‘I have to talk to my people. I can’t do a damn thing without I talk to them first.’
‘I thought you said they didn’t want to know.’
‘They didn’t. But they’re still the bosses. So I tell them what happened and then, if they say so, I can probably tell Nailer.’
‘Wot? Tell Nailer wot?’
The smile vanished, the other hand locked into his hair, held him like a wrestler. It hurt, but he didn’t move.
‘Kitty, I don’t know who killed your father. But there’ve been other people-the enemy-looking for the man he and I were chasing. It all revolves around him. I can’t name him without the say-so from my people, but if they do say so then my telling Nailer is the only chance he’s got of catching the killer. Without our man he doesn’t stand a chance.

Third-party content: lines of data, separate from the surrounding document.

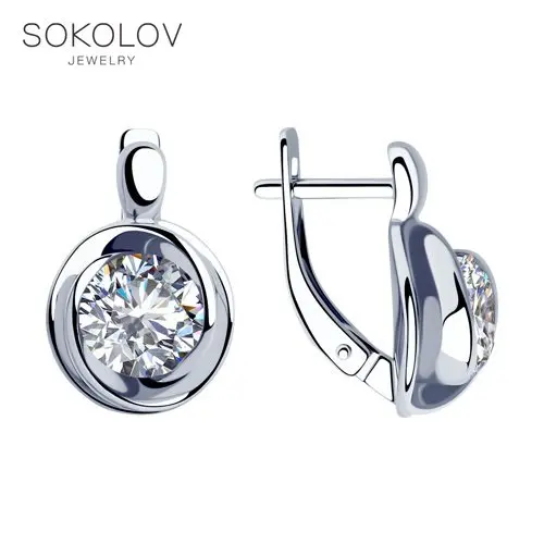 Серьги SOKOLOV из серебра с фианитами, Серебро, 925, Женские, Серьг...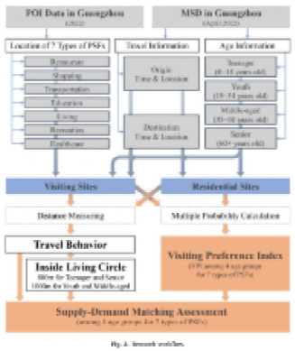 2025年5月,我院教师陈锦棠带领城乡高质量发展协调创新中心研究团队,在《Habitat International》(SSCI,中科院一区)发表题为“Supply-demand matching assessment of public services facility among age groups from the perspective of travel behavior”的研究论文(ELSEVIER首发)。本研究基于2022年的手机信令数据,深入分析了广州市主城区内四个年龄段居民的实际出行行为,引入“访问偏好指数”(VPI)这一指标,量化4个年龄组对7类公共服务设施的需求偏好差异,并评估居民在其传统生活圈范围内的需求满足程度,通过对比设施的空间分布与VPI,评估供需匹配情况。研究旨在为以人为本的设施差异化配置提供科学依据,助力超大城市公共服务能力提升和可持续发展。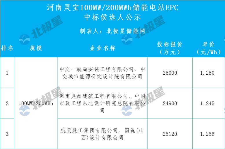 第一中标候选人为中交一航局安装工程有限公司、中交城市能源研究设计院有限公司联合体,投标报价25000万元,折合单价1.250元/Wh;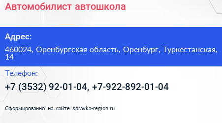 Автомобилист, автошкола по адресу 460024, Оренбургская область, Оренбург, Туркестанская, 14 в дальнейшем Организация, размещена в следующих категориях: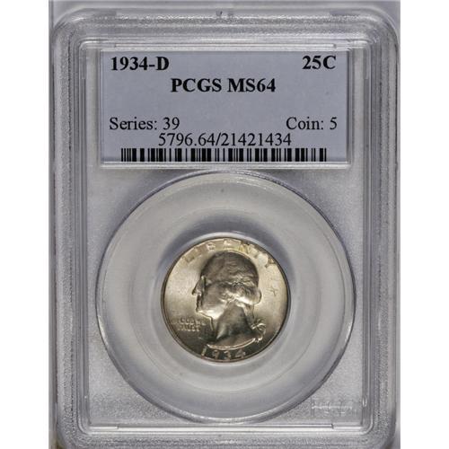<B>1934-D<25C> Medium Motto MS64 PCGS.</B></I> An attractive near-Gem example of this D-mint issue, one that is rather difficult to locate in high grades. A couple of small marks are noted on the obverse that limit the grade.

Without me he doesn’t stand a chance.’
She thrust him aside, leapt from the bed, naked and trembling with the force of her own anger.
‘Are you out of your bleedin’ mind? Tell Nailer! Nailer doesn’t want a result. All he cares about is the honour of the Met. And that’s not the same thing by a long chalk. You tell Nailer anything, you might just as well piss into the wind. You don’t want Nailer, you want a real copper, not one of those plodding berks.’
‘You’re the only real copper I know.’
‘Not me, you fool. I’m just plod, I am. A plonk in a uniform. You want… you want someone like… like an old boyfriend of mine.’
‘An old boyfriend?’
‘Chap I used to know on the Murder Squad. Flash as they come, but a first-rate copper.’
‘Aha.’
‘Yeah. Bloke I used to… go out with.’
Her mood had changed utterly. She wasn’t angry, it seemed, more cautious, almost coy.
‘A bloke?’ he echoed.
‘Troy,’ she said at last. ‘You want Frederick Troy.’
‘Kitty, come here.’
She sat down on the edge of the bed. He took her hands in his. She was calmer, but red in the face, still reeling from her own outburst.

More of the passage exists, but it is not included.